Would psychologists end up arguing that religion was a primarily material, natural phenomena, and could be dismissed? Or was religion something that science could not explain away?

 

It is no wonder that the fledgling field of psychology could not resist being caught up in these discussions. If psychology was to objectively study the nature of subjective experience—was to be “the science of mental life” [ii]—then it was up to psychology to make pronouncements on the nature of religious experiences: a hefty task for such a young field. Would psychologists end up arguing that religion was a primarily material, natural phenomena, and could be dismissed? Or was religion something that science could not explain away?

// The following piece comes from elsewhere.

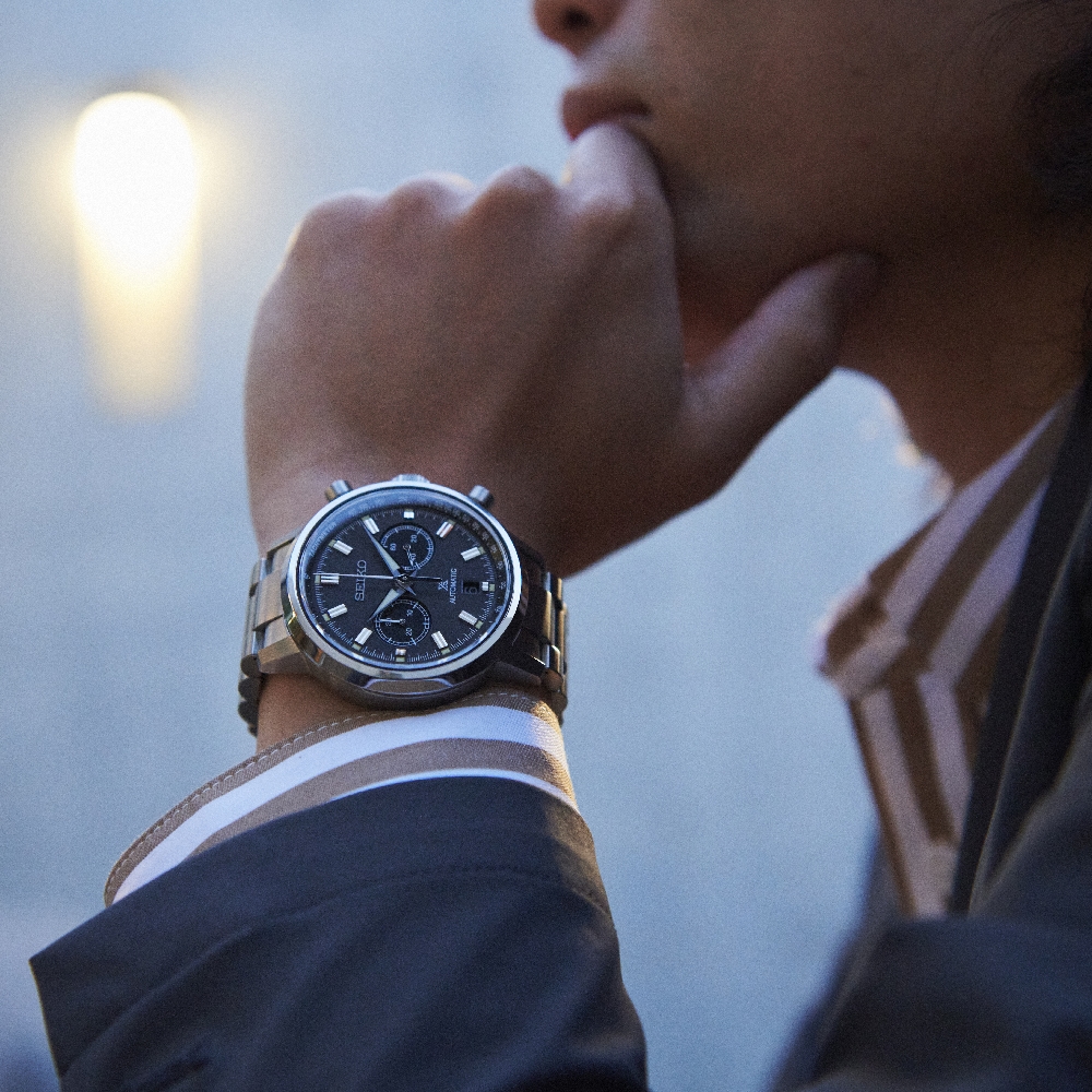 ساعت مچی مردانه سیکوseiko با طراحی روزانه بند استیل وقاب گرد استیل و صفحه طوسی با شیشه آنتی رفلکس و قابلیت داشتن کرنوگراف , تقویم , شب نما , زه تاچی متر و موتور اتوماتیک ژاپنی با انرژی مکانیکی مقاومت در برابر اب تا عمق 100 متر به همراه دو سال گارانتی بین المللی

William James and Sigmund Freud were two of the most notable psychologists of the nineteenth and twentieth centuries. James, father of American psychology, and Freud, the father of psychoanalysis, represented these competing viewpoints between materialism and religion. James, philosopher and psychologist, argued that humanity could not be fully understood through materialist explanations. He believed that, although psychology might be able to give a materialistic explanation for religious experiences, this did not render religion meaningless. Freud, on the other hand—a neurologist, psychologist, and atheist—argued that psychology revealed religion’s true character as an infantile neurosis, rooted in basic instinctual urges, and nothing more than an illusion. These two figures, while both revolutionizing the field of psychology, somehow managed to come to two drastically different conclusions on the meaning of psychological insights into the religious tendencies of humanity.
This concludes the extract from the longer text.